I’m running a simulation of a drone recording frames of its ground and want to see SURF able to find matches on Jetson Orin NX

My setup:
Jetpack 6.0
Ubuntu 22.04LTS
L4T 36.3.0
CUDA Arch 8.7
CUDA 12.2.140
OpenCV 4.10.0 with CUDA: YES
Python 3.10.12

I ran the test on my original computer that has the GPU of NVIDIA GeForce MX330 with the performance that averages 28ms on each frame of the video

compare that to the Jetson’s performance 45ms per frame. I tried many things in code to make it work. However the function of OpenCV surf.detectWithDescriptors() will always result in ~45ms in processing

Is there a way to enable the Jetson to be able to perform the SURF detect and compute of 1280x720 images in sub 30ms?

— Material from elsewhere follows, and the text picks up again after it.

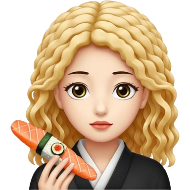 un coreano di 18 anni con sushi con il pizzetto capelli ricci e lunghi sciolti neri con un IQOS in mano emoji

Here is the code that I run as a reference:

import cv2
import time
import numpy as np
import matplotlib.pyplot as plt
from collections import deque

class SURFProcessor:
    def __init__(self, min_matches=10, fps=50):
        self.surf = cv2.cuda.SURF_CUDA_create(
            _hessianThreshold=500, 
            _nOctaves=1,            
            _nOctaveLayers=1,       
            _extended=False,        
            _upright=True,          

        )
        
        self.matcher = cv2.cuda.DescriptorMatcher_createBFMatcher(cv2.NORM_L2)
        self.stream = cv2.cuda.Stream()
        
        self.min_matches = min_matches
        self.GPU_image = cv2.cuda_GpuMat(720, 1280, cv2.CV_8UC1)
        self.current_GPU_descriptors = cv2.cuda_GpuMat()
        self.previous_GPU_descriptors = cv2.cuda_GpuMat()
        self.prev_gray = cv2.cuda.registerPageLocked(np.zeros((720, 1280), dtype=np.uint8))
        self.prev_keypoints = None
        self.prev_frame = None
        self.fps = fps

    def process_frame(self, current_frame):
        if current_frame is None:
            return

        current_gray = cv2.cvtColor(current_frame, cv2.COLOR_BGR2GRAY)
        self.GPU_image.upload(current_gray, stream=self.stream)
        current_gpu_keypoints, self.current_GPU_descriptors = self.surf.detectWithDescriptors(
            self.GPU_image, 
            None,
        )
        current_keypoints = self.surf.downloadKeypoints(current_gpu_keypoints)
        if (current_keypoints is not None and 
            self.prev_keypoints is not None and 
            len(current_keypoints) > 0):
            matches = self.matcher.match(
                self.current_GPU_descriptors,
                self.previous_GPU_descriptors
            )

        # Update previous frame data
        self.previous_GPU_descriptors = self.current_GPU_descriptors.clone()
        self.prev_keypoints = current_keypoints
        self.stream.waitForCompletion()

            
def main():
    if cv2.cuda.getCudaEnabledDeviceCount() == 0:
        print("CUDA is not available. Exiting...")
        return
    cap = cv2.VideoCapture('some_drone_video.avi')
    if not cap.isOpened():
        print("Error: Could not open video capture")
        return
    fps = int(cap.get(cv2.CAP_PROP_FPS))
    fourcc = cv2.VideoWriter_fourcc(*'XVID')
    out = cv2.VideoWriter('matched_frames4.avi', 
                        fourcc, 
                        fps, 
                        (2560, 720)) 
    processor = SURFProcessor(min_matches=10, fps=fps)
    processing_times = []
    
    frame_count = 0
    while True:
        ret, frame = cap.read()
        if not ret:
            break
            
        t1 = time.time()
        processor.process_frame(frame)
        t2 = time.time()
        
        processing_time = t2 - t1
        processing_times.append(processing_time)
        print(f"Frame {frame_count + 1} processing time: {processing_time:.4f} seconds")
        frame_count += 1
        
    
    avg_time = np.mean(processing_times) * 1000
    std_time = np.std(processing_times) * 1000
    max_time = np.max(processing_times) * 1000
    min_time = np.min(processing_times) * 1000
    cap.release()

    print("\nPerformance Statistics:")
    print(f"Average processing time: {avg_time:.1f}ms")
    print(f"Standard deviation: {std_time:.1f}ms")
    print(f"Maximum processing time: {max_time:.1f}ms")
    print(f"Minimum processing time: {min_time:.1f}ms")
    print(f"Frames per second: {1/np.mean(processing_times):.2f}")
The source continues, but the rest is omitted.